На поиск стихотворного начала в тексте «Адмиралтейской иглы» настраивает нас сам рассказчик «Заглавие ладное,
— хотя бы потому, что это четырехстопный ямб, не правда ли, — и притом знаменитый. Но вот это-то ладное заглавие и не предвещало ничего доброго» [4, 411]. Такую «недобрую» стихотворную основу прежде всего имеет описание внешности «Ольги», которое рассказчик присваивает Кате: «По-вашему ее васильковые глаза становились в минуты задумчивости фиалковыми: ботаническое чудо!

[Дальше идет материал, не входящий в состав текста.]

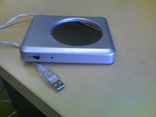 recibí un café barato de USB calentador de ebay. Éste ambos se conecta a un puerto USB del ordenador y tiene un USB 'out' en la parte posterior.
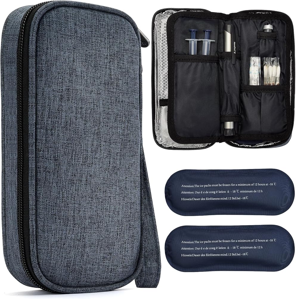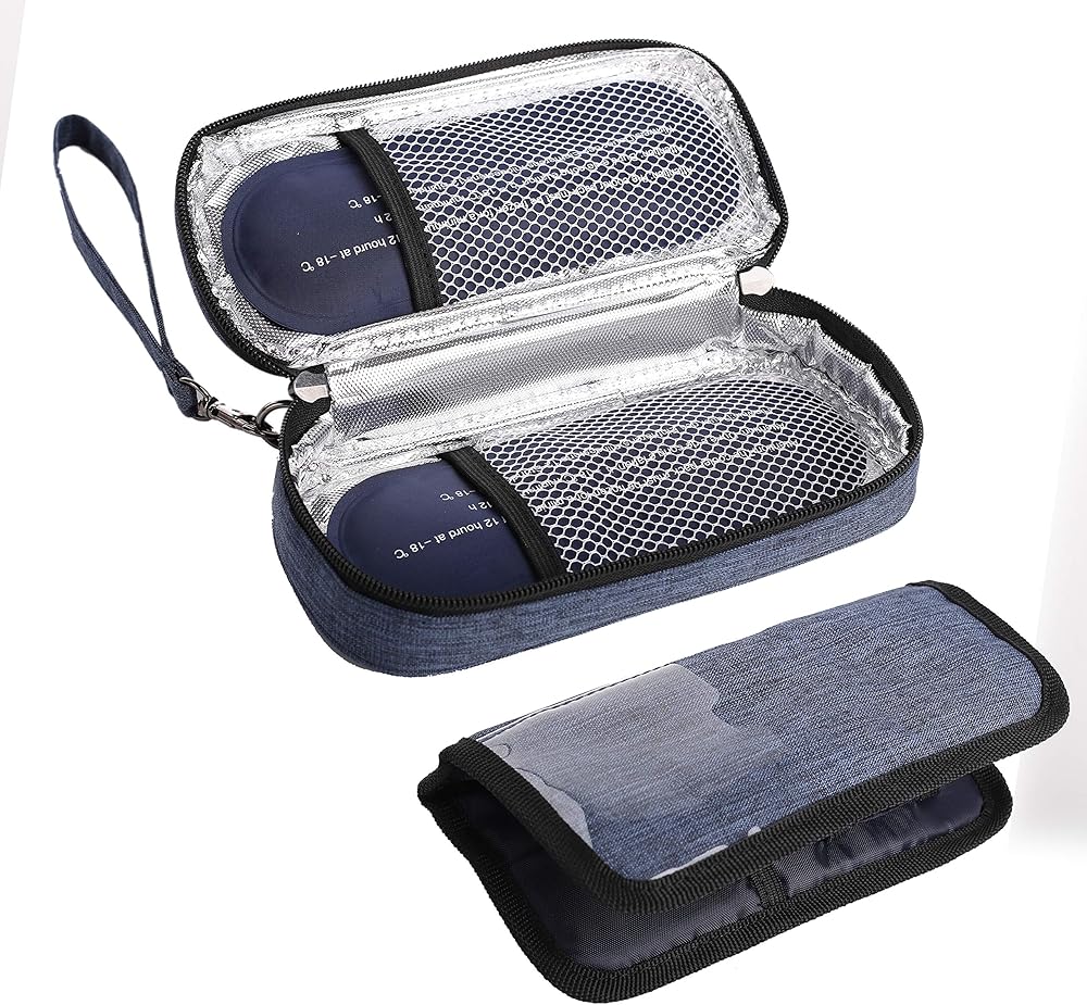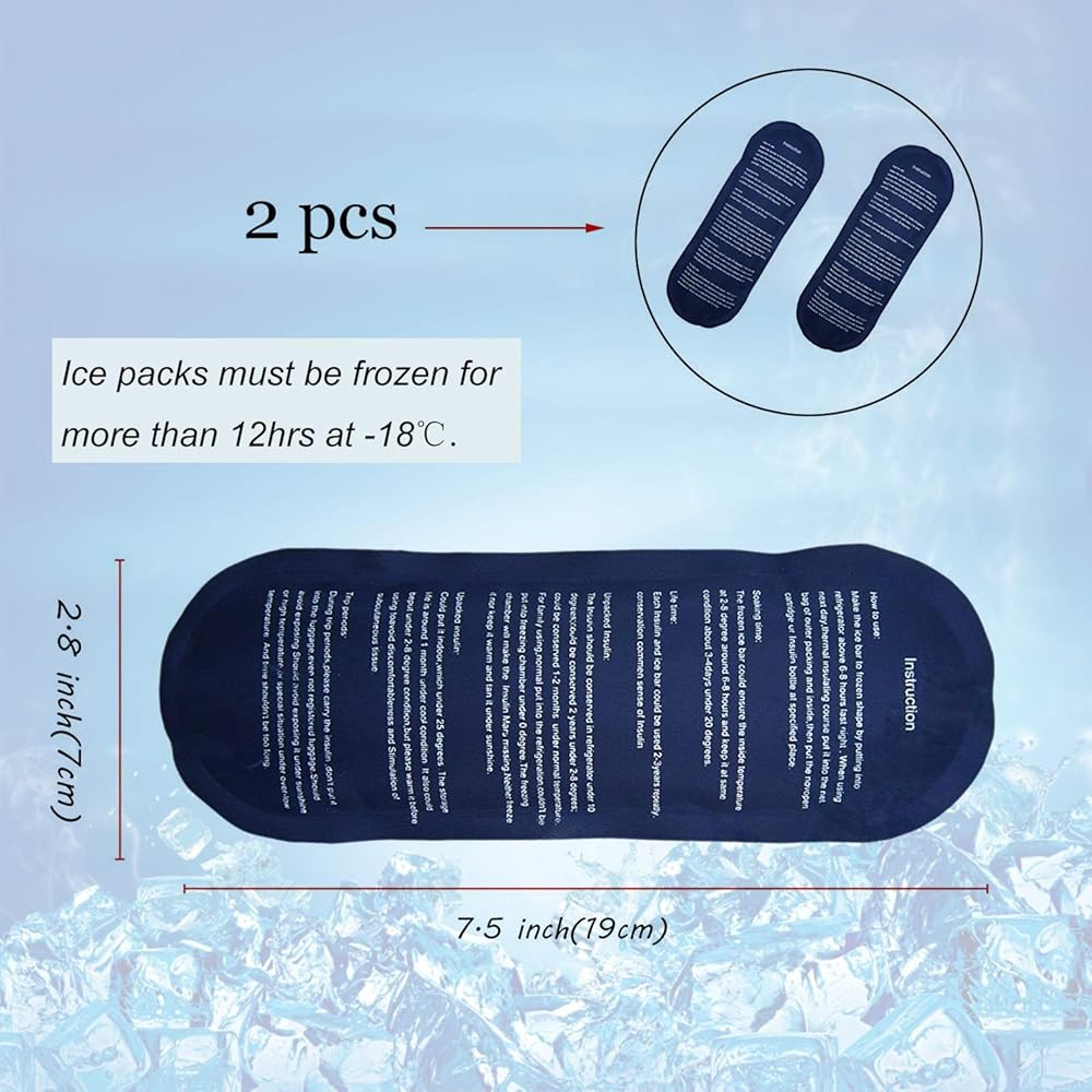 • حافظ على آمنة الأنسولين لمدة 10 ساعات مع 2 حزم الجليد هلام معتمدة من MSDS (غير سامة ، خالية من اللاتكس). تحمي بطانة العزل السميكة الأقلام/القوارير من الحرارة أثناء الرحلات أو رحلات السيارات أو أيام الشاطئ. لا حاجة للبطارية أو الحبال.

Вы их оттенили черной бахромой ресниц, которая, добавлю от себя, как бы удлинялась к внешним углам, придавая глазам разрез особенный, но мнимый» [4,412]. Однако эта «северянинская лиловость» первоначально обнаруживается в стихотворении «Отрывок» (1920) Набокова: «Спросила ты: / что на земле прекрасней / темно-лиловых лепестков фиалок, / разбросанных по мрамору? / Твои / глаза, твои покорные глаза, / я отвечал» [Набоков 2002: 151]. К разрезу глаз молодой поэт также был неравнодушен: «Но сладостный разрез твоих продолговатых / атласно-темных глаз…» («Глаза», 1920 [там же: 75]). Далее в тексте рассказчик описывает «свою» Катю как «говорящую куклу» («Я снова приходил глядеть на Катю, которая при первом же моем жалком слове превращалась в большую, твердую куклу, опускавшую выпуклые веки и отвечавшую на фарфоровом языке» [4, 418]), однако слова этой «кукле», как следует из раннего стихотворения «Суфлер» (1922), подсказывает сам Набоков: «А я, — исполненный и страсти и страданья, / глазами странствуя по пляшущим строкам, — / я кукольной любви притворные признанья / бесстрастным шепотом подсказываю вам…» [Набоков 2002: 251]. Его же перу принадлежат и многочисленные стихи о родном Петербурге («Петербург», 1921, 1922, 1923; «Санкт-Петербург», 1924), который стал местом трагической развязки его любви и судьбы и который был постоянным местом его виртуальных «странствований по строкам»[78]: ср. «Я странствую по набережной… Солнце / взошло туманной розой» [Набоков 2002: 258]. Этот же пушкинский образ «розовых снегов» повторится и в «Адмиралтейской игле»: «Помню, как восхитительным утром с розовым солнцем и скрипучим снегом, мы встретились на Почтамтской» [4, 418], а еще ранее его встречаем в стихотворении «Я пришла к поэту в гости…» А. Ахматовой, посвященном Блоку («А за окнами мороз / И малиновое солнце / Над лохматым сизым дымом…»).Владимир Набоков (точнее, Владимир Сирин), а не Катя-романистка, определяет уже заранее и судьбу «Леонида» в своем стихотворении «Расстрел» (1927): «Но сердце, как бы ты хотело, /чтоб это вправду было так: / Россия, звезды, ночь расстрела / и весь в черемухе овраг»
[Набоков 2002: 186]. Поэтому обвинения Кати-Солнцева во вранье могут звучать только как автопародия: ср. «А в конце книги ты заставляешь меня попасться красным во время разведки и с именами двух изменниц на устах — Россия, Ольга, — доблестно погибнуть от пули чернокудрого комиссара» [4, 419]. Ведь мысль о том, что в него «метит часовой», постоянно присутствует во время «ночных странствований» Набокова в Россию.